Leaving the pictures out, print the lines from the first line of the listing through the line containing "2月14日,侯佩岑晒出与两个", exactly as they read, and no others.

**DATA EXTRACT**:
******
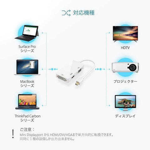 【対応機種】MiniDP ポートやthunderboltポートを持つMac Book Air、Mac mini、Mac Book Pro、 iMac、Microsoft Surface pro 1 2 3/Thinkpad Carbon X1 series をサーポートします。多画面のベスト選択で、多くの幅広いスクリーンにスライドと映画を見ることができます。
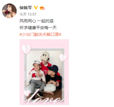 2月14日,侯佩岑晒出与两个儿子的合影,并配文:“风雨同心,一起抗疫,祈求健康平安每一天”。
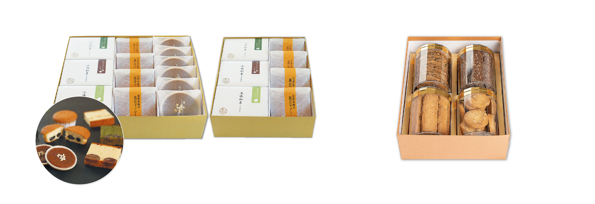 [内容]窯出しカステラ3種(濃口抹茶/渋川栗/ラ・フランス)・山形米粉の黒豆マドレーヌ・もなかショコラ(5種詰合せのみ)
******
**ANSWER BOX**:
 【対応機種】MiniDP ポートやthunderboltポートを持つMac Book Air、Mac mini、Mac Book Pro、 iMac、Microsoft Surface pro 1 2 3/Thinkpad Carbon X1 series をサーポートします。多画面のベスト選択で、多くの幅広いスクリーンにスライドと映画を見ることができます。
 2月14日,侯佩岑晒出与两个儿子的合影,并配文:“风雨同心,一起抗疫,祈求健康平安每一天”。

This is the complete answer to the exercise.